At 77, McCartney is well past the age -- to say nothing of the tax bracket -- at which most men are content to stay home. And it would be hard to argue that he wasn’t entitled to take it easy: The Beatles are officially the No. 1 act on Billboard’s ranking of the top-charting artists of all time, and he’s No. 12 as a solo artist (including his work with Wings). Yet he’s as active as ever. Last fall he released Egypt Station, which became his first No. 1 album in the United States since 1982’s Tug of War, after which he embarked on a Freshen Up tour that grossed $129.2 million, according to Billboard Boxscore. He still comes into the office, though, “maybe a day a week,” he says. “And I’m on the phone and email.”

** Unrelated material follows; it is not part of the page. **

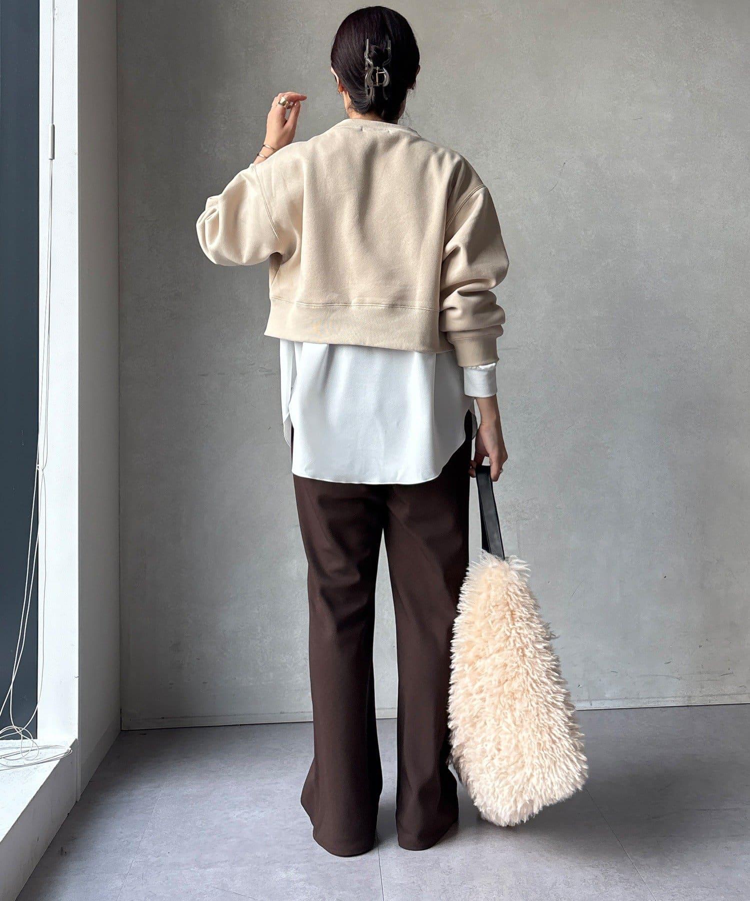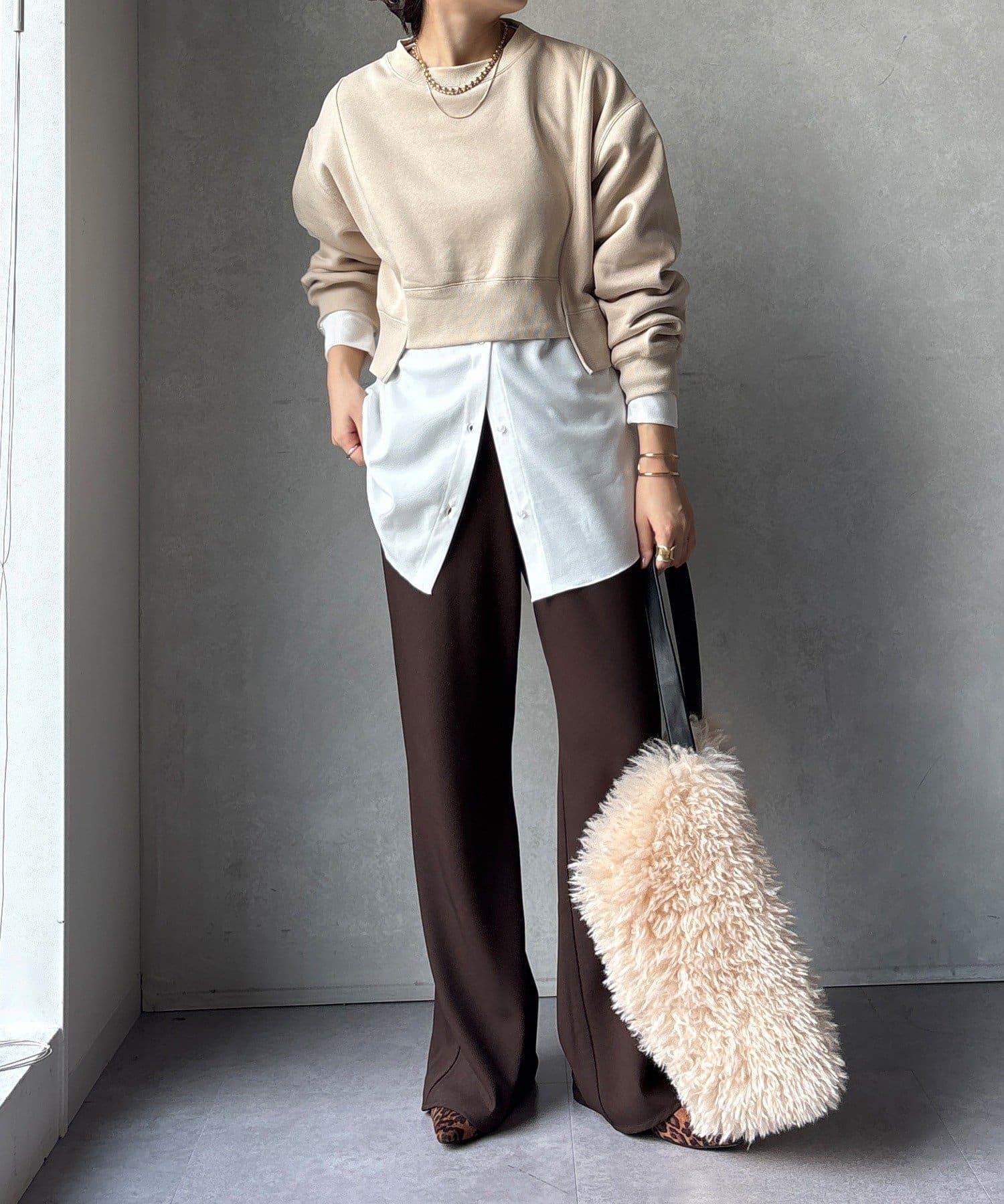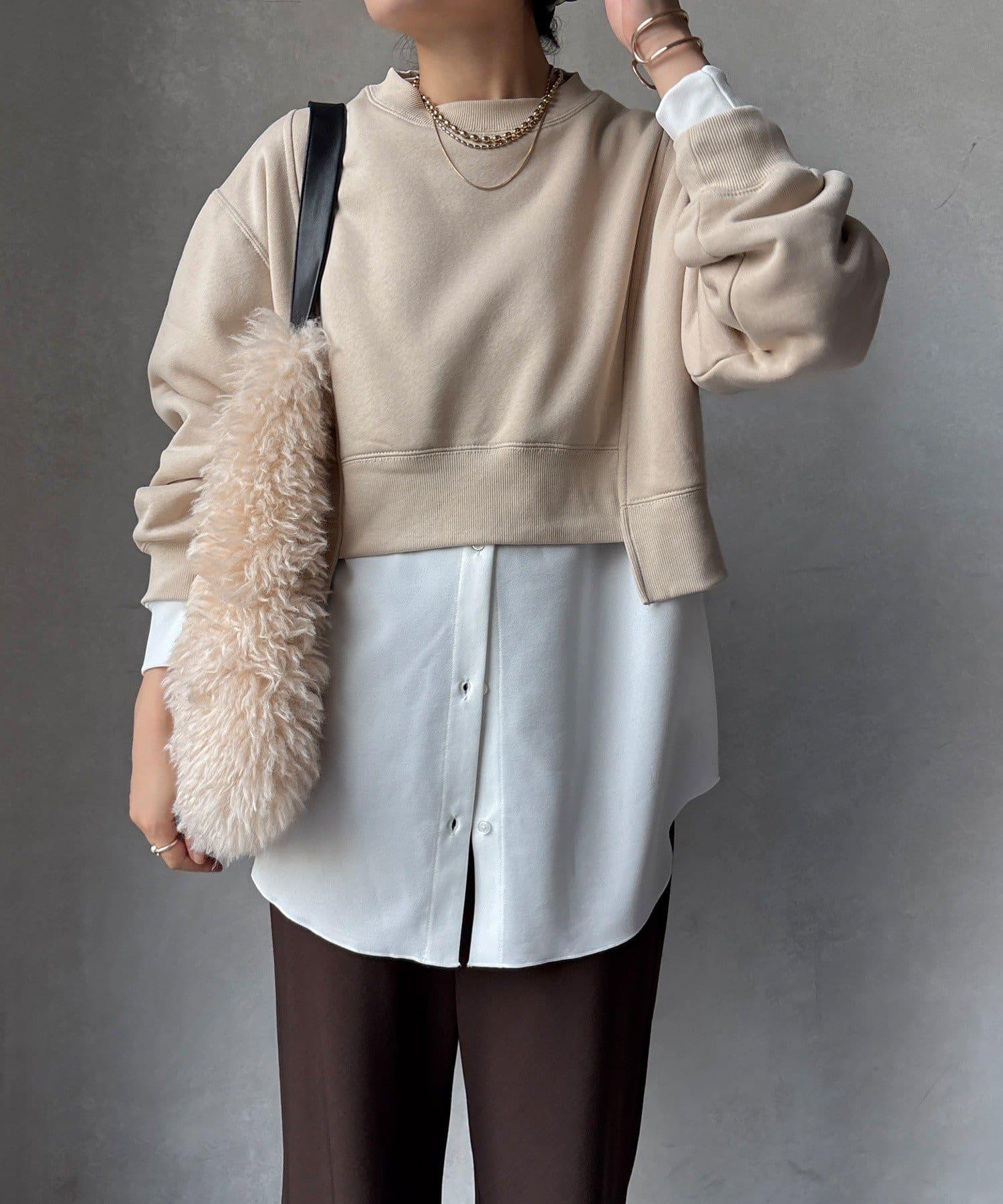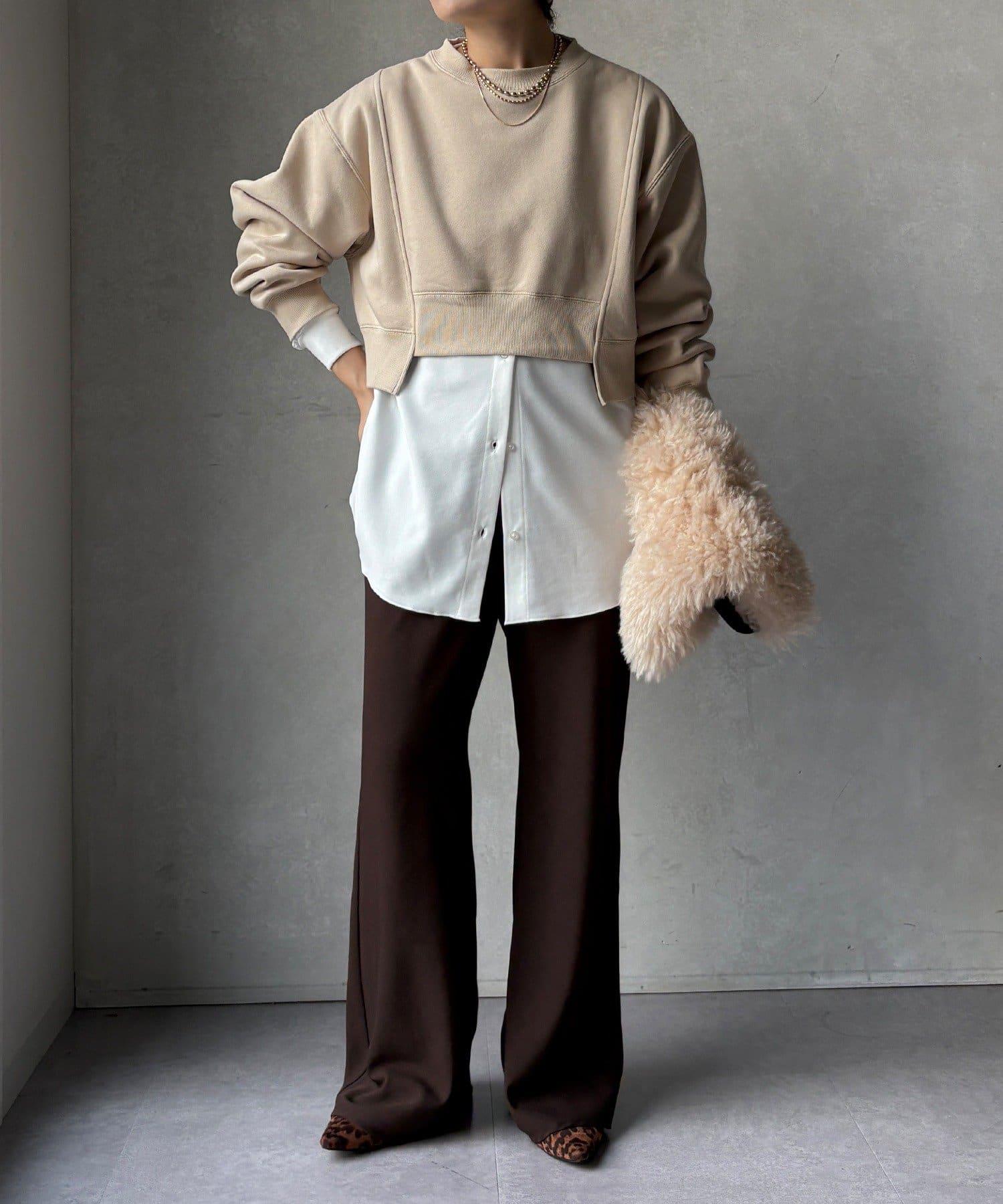 時尚的短款上衣可以疊穿,打造更精緻的造型。與套裝中的內搭一起穿,自然呈現層次感。您可以根據自己的心情和搭配,享受套裝或單獨穿著的樂趣。

Long before every pop star considered themselves CEOs, McCartney set up MPL, as The Beatles were breaking up, to run his own business out of a small office in this building (which he bought years later). At the time, music manager Allen Klein had taken control of Apple Records, the group’s company, and the resulting disagreements over financial and other matters were driving the bandmembers apart. “I just thought, ‘I’ve got to do my own little Apple,’ ” remembers McCartney.